Challenge to Mars: Essays on Pacifism from 1918 to 1945

Description

474 pages
Contains Photos, Bibliography, Index
$75.00
ISBN 0-8020-4371-2
DDC 303.6'6

Year

1999

Contributor

Edited by Peter Brock and Thomas P. Socknat
Reviewed by Grant Dawson

Grant Dawson is a Ph.D. candidate specializing in military history at
Carleton University.

Review

Edited and compiled by two University of Toronto scholars, Challenge to
Mars is a collection of peace history essays that examine some
underexplored areas of North American and European pacifism. Because of
their length (around 16 pages), some of the contributions do not achieve
a really sustained and detailed argument.

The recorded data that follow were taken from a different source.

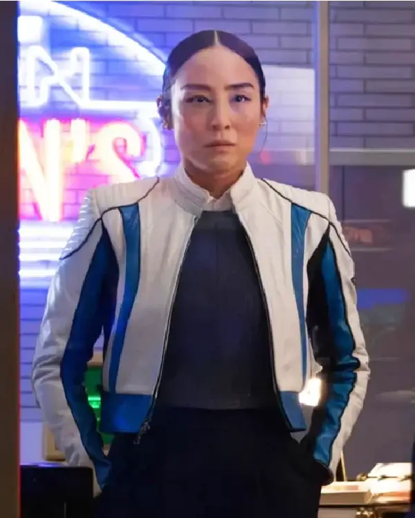 Greta Lee Movie Tron Ares 2025 Eve Kim Motorcycle White Leather Jacket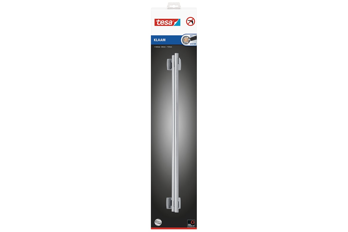 Держатель для полотенец TESA Klaam, самоклеящийся, 60x646x125 мм 40265-00000-00 крепится к стене очень легко и надежно. Благородный минималистичный дизайн.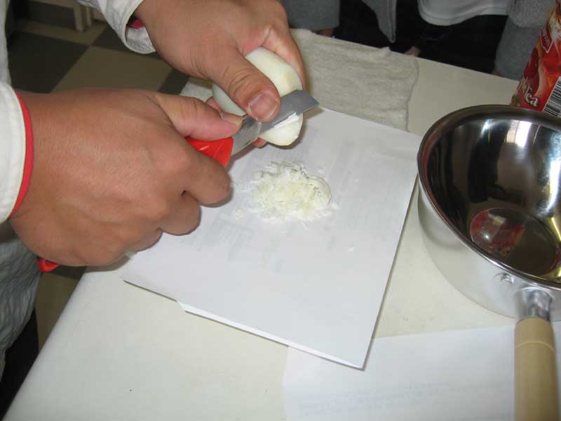 今日の訓練校は、昨日に引き続き受験コースと実践コースに分かれて活動でした。実践コースはBDFの実験で固形化にチャレンジです。まずは純石鹸を細かくする所からスタートです。きっちり重さを量り、湯煎にかける為、お湯でBDFを温めます。温度を計測し、頃合いを見計らって細かくした石鹸を投入しました。それからしばらく石鹸が溶けやすい様にかき混ぜました。しかし、なかなか溶けません。さらに混ぜ続けます。でもやっぱり溶けません。これは俗に言う失敗でしょうか。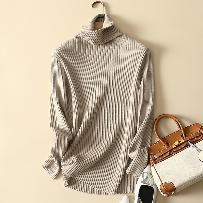 很简洁干练的一款高领毛衣,简约时尚的堆堆领设计,很好的修饰脸部轮廓,修饰小巧纤细的颈部线条。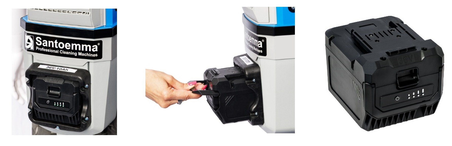 La potente batteria agli ioni di Litio da 36V, con 10Ahdi capacità, consente una lunga autonomia di lavoro, nonostante la potenza di aspirazione della macchina.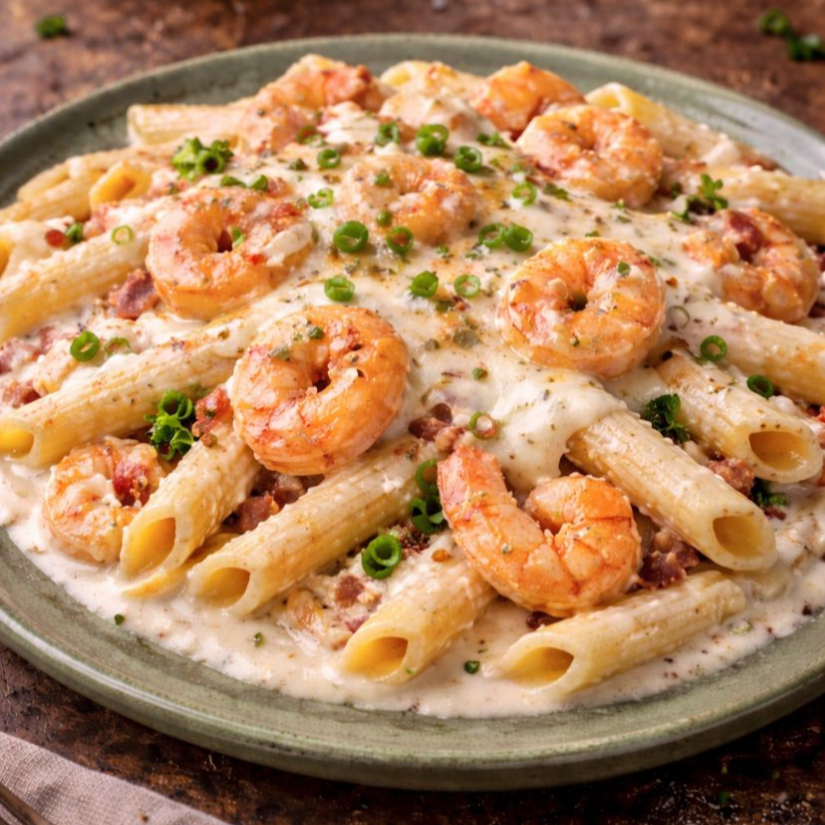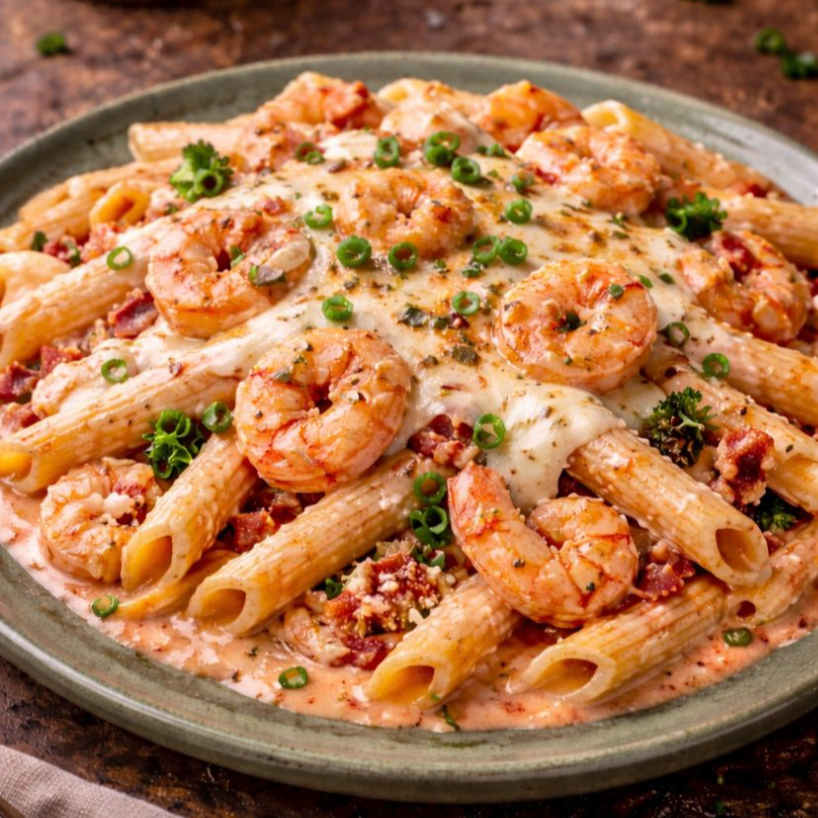 Uma deliciosa Macarrão envolto em um cremoso e suave molho rosé, acompanhado de camarões suculentos e finalizado com queijo derretido e um toque de cebolinha fresca, criando uma experiência gastronômica rica e irresistível.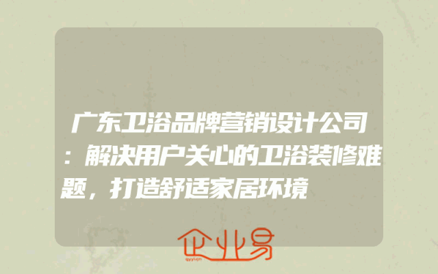 - 广东卫浴品牌营销设计公司:解决用户关心的卫浴装修难题,打造舒适家居环境
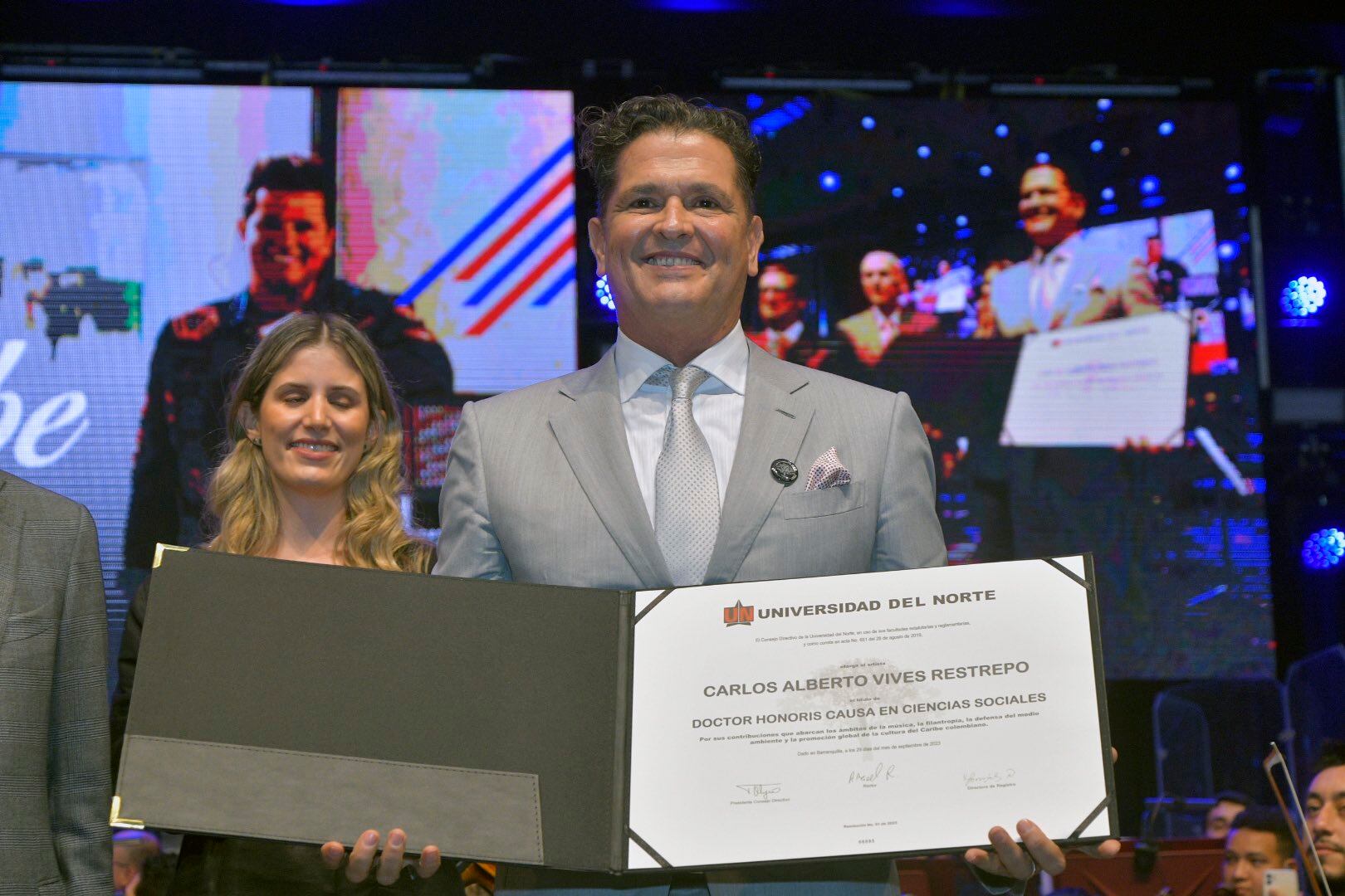 El artista samario Carlos Vives recibió por parte de la Universidad del Norte su doctorado Honoris Causa en Ciencias Sociales, por haber promovido la identidad y la cultura del Caribe colombiano.

That said, they are for the
most part strong introductions to the ways in which individuals or
groups in various countries responded to the threat of war and the
pressure to serve.

Among the interesting papers in the 1918 to ca.1940 section are those
on the anarcho-pacifism of Bart de Ligt, a Dutch anti-militarist;
Canadian J.S. Woodworth; war resisters in Germany; and Christian
pacifists in France. The second section, dealing with the years 1940 to
1945, concentrates on the experience of conscientious objectors to
military service in various countries, including Canada, New Zealand,
and Germany. In both sections, several papers concentrate on women. In
the third section, there are only two papers on Asia (on Japan and on
India’s Mohandas Gandhi), and Africa is completely absent. The editors
acknowledge that for some countries it was “difficult to discover
materials of value available on interwar and Second World War
pacifism.”

Many of the essays focus on the pressure placed on those who espoused
pacifistic beliefs. Rachel Goossen examines the ways in which American
professional women were pressured to conform during the Second World
War. Torleiv Austad discusses the dilemma of Norwegian pacifists, who
were forced to decide whether violent or nonviolent resistance should be
used against the German occupier. Kenneth McNaught contributes a fine
paper on the steadfastness of J.S. Woodsworth, who refused to
countenance the use of force to combat force in a Canadian Parliament
otherwise unanimous in its support of war against Germany.

Although perhaps too ambitious in its breadth, Challenge to Mars is a
useful introduction to peace history.